Copy the entries below verbatim, omitting any pictures they contain.

*DATA RECORDS*:

*** Block opens ***

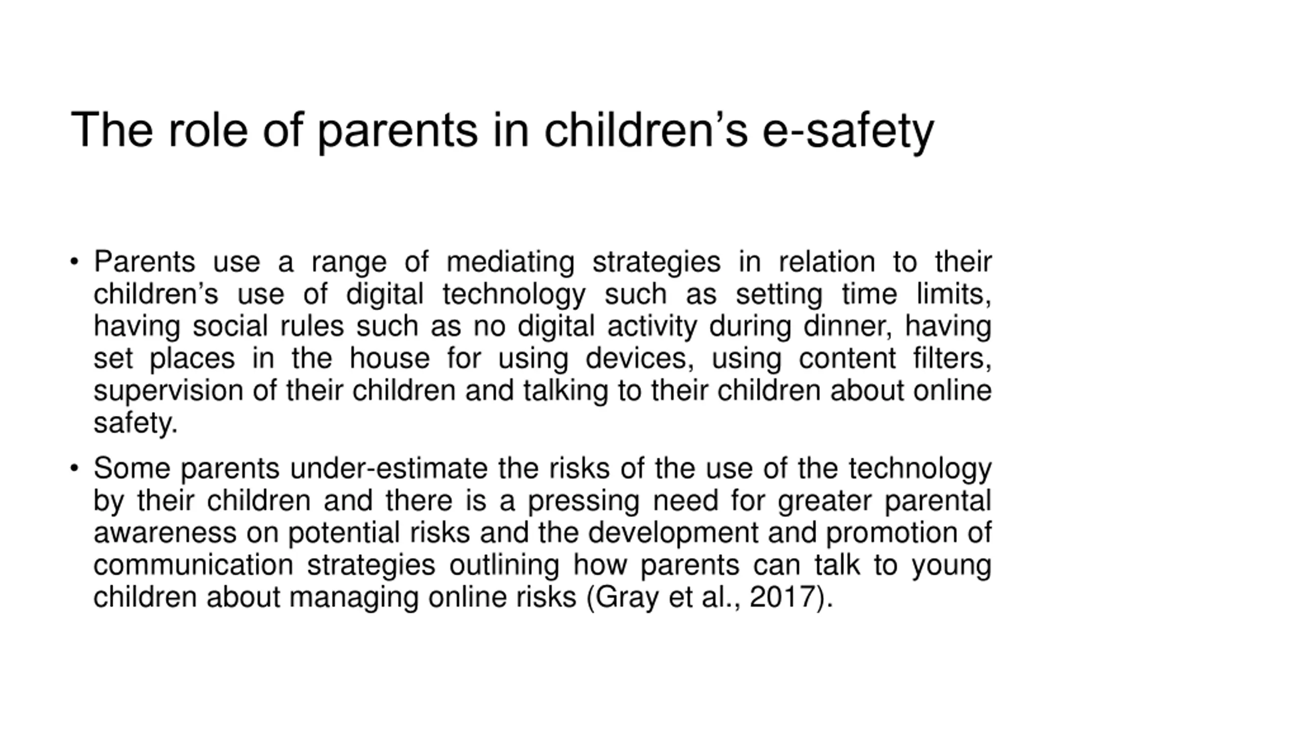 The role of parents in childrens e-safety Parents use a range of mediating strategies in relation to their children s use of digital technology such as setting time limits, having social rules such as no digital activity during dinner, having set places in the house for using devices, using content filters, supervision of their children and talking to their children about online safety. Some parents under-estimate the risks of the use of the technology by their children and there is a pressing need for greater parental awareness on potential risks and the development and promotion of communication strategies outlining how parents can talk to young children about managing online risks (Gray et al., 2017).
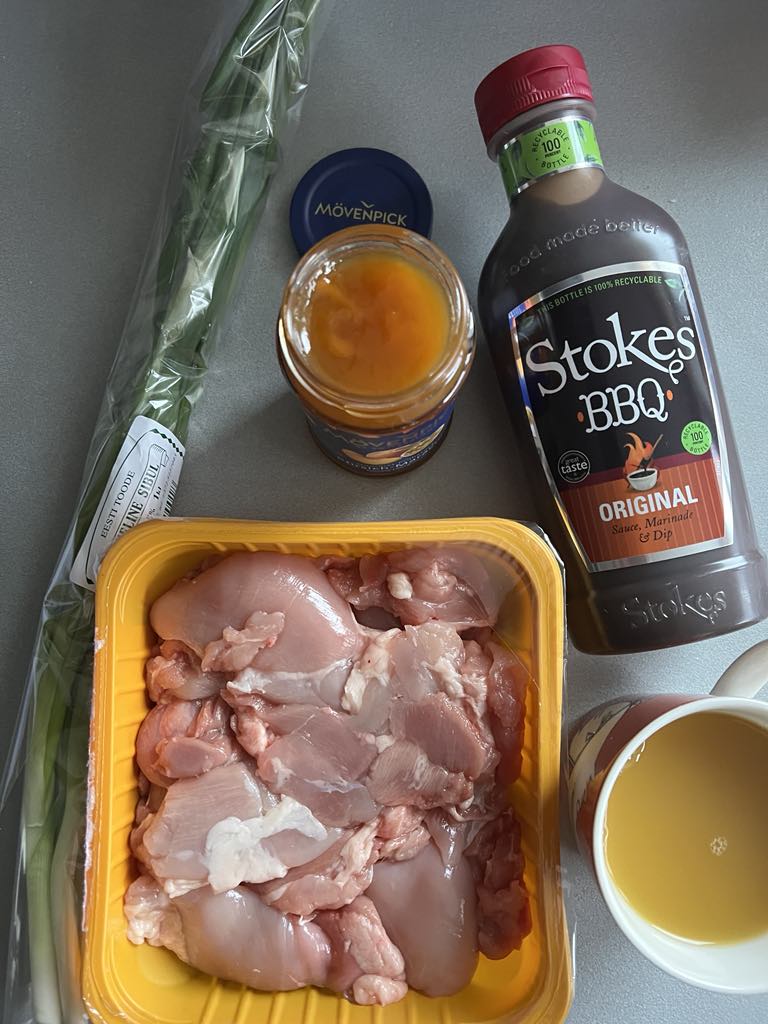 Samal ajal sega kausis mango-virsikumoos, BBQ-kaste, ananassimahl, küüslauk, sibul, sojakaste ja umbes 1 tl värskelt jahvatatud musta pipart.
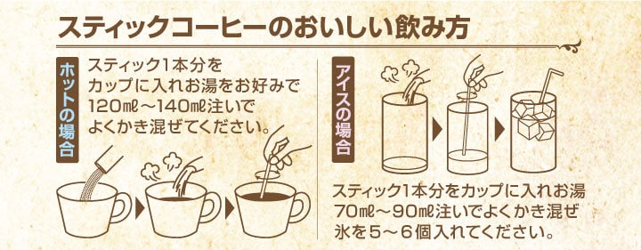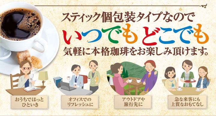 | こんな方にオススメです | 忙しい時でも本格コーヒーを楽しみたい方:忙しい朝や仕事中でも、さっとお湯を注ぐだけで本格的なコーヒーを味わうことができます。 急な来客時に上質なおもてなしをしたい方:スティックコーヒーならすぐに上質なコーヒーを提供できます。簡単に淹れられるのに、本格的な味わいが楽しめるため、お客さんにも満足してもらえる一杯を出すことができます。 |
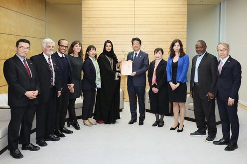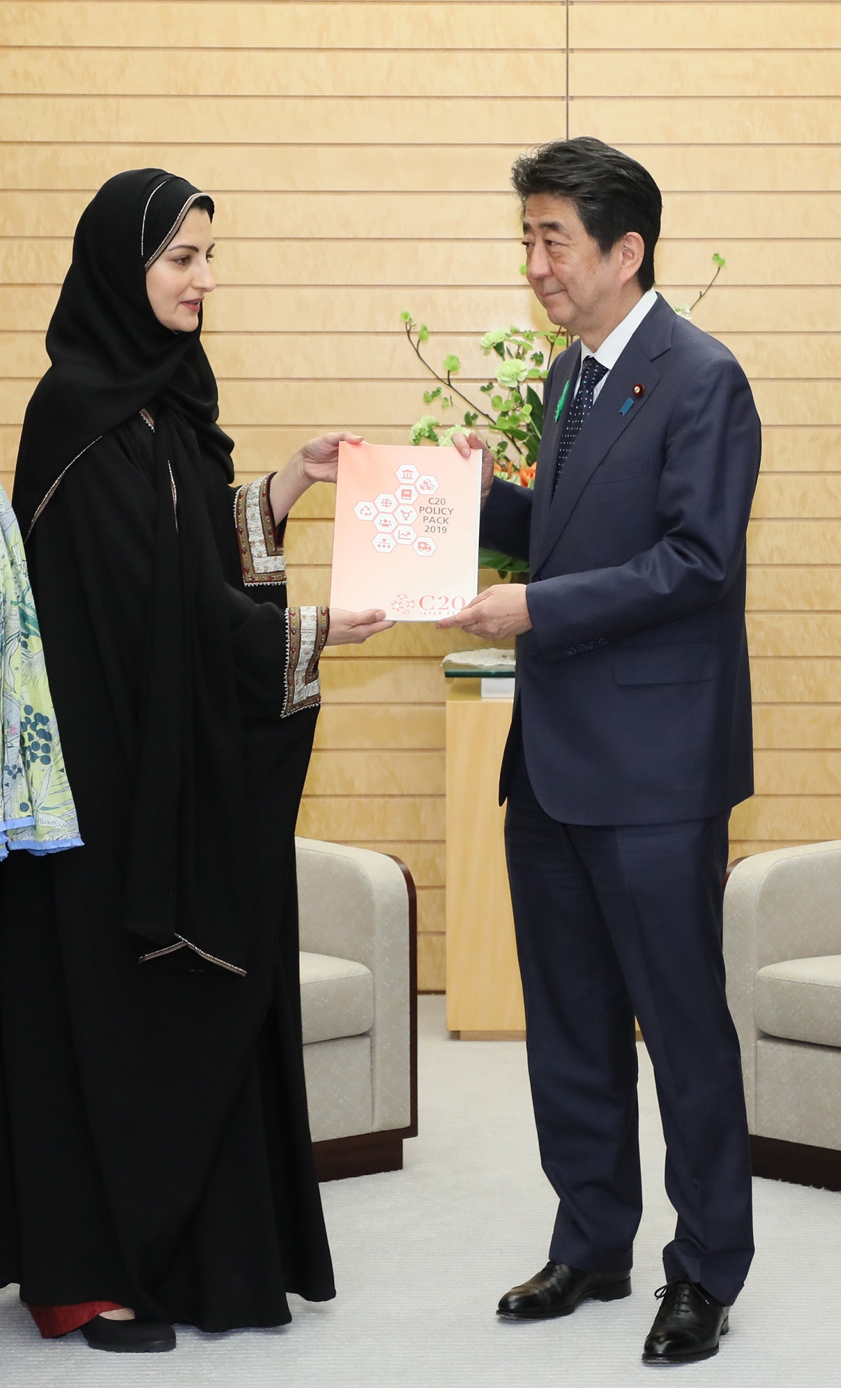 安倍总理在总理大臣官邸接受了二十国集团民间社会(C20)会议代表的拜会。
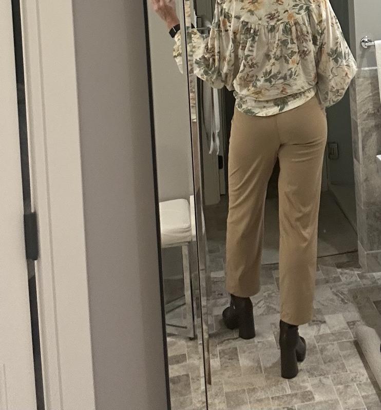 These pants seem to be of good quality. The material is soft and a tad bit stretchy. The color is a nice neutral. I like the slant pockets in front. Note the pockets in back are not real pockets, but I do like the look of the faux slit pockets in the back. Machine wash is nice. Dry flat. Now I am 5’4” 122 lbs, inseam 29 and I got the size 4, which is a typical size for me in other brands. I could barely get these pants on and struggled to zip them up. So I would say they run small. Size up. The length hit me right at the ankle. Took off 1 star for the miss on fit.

*** Block closes ***

*EXERCISE RESPONSE*:
 The role of parents in childrens e-safety Parents use a range of mediating strategies in relation to their children s use of digital technology such as setting time limits, having social rules such as no digital activity during dinner, having set places in the house for using devices, using content filters, supervision of their children and talking to their children about online safety. Some parents under-estimate the risks of the use of the technology by their children and there is a pressing need for greater parental awareness on potential risks and the development and promotion of communication strategies outlining how parents can talk to young children about managing online risks (Gray et al., 2017).
 Samal ajal sega kausis mango-virsikumoos, BBQ-kaste, ananassimahl, küüslauk, sibul, sojakaste ja umbes 1 tl värskelt jahvatatud musta pipart.
 | こんな方にオススメです | 忙しい時でも本格コーヒーを楽しみたい方:忙しい朝や仕事中でも、さっとお湯を注ぐだけで本格的なコーヒーを味わうことができます。 急な来客時に上質なおもてなしをしたい方:スティックコーヒーならすぐに上質なコーヒーを提供できます。簡単に淹れられるのに、本格的な味わいが楽しめるため、お客さんにも満足してもらえる一杯を出すことができます。 |
 安倍总理在总理大臣官邸接受了二十国集团民间社会(C20)会议代表的拜会。
 These pants seem to be of good quality. The material is soft and a tad bit stretchy. The color is a nice neutral. I like the slant pockets in front. Note the pockets in back are not real pockets, but I do like the look of the faux slit pockets in the back. Machine wash is nice. Dry flat. Now I am 5’4” 122 lbs, inseam 29 and I got the size 4, which is a typical size for me in other brands. I could barely get these pants on and struggled to zip them up. So I would say they run small. Size up. The length hit me right at the ankle. Took off 1 star for the miss on fit.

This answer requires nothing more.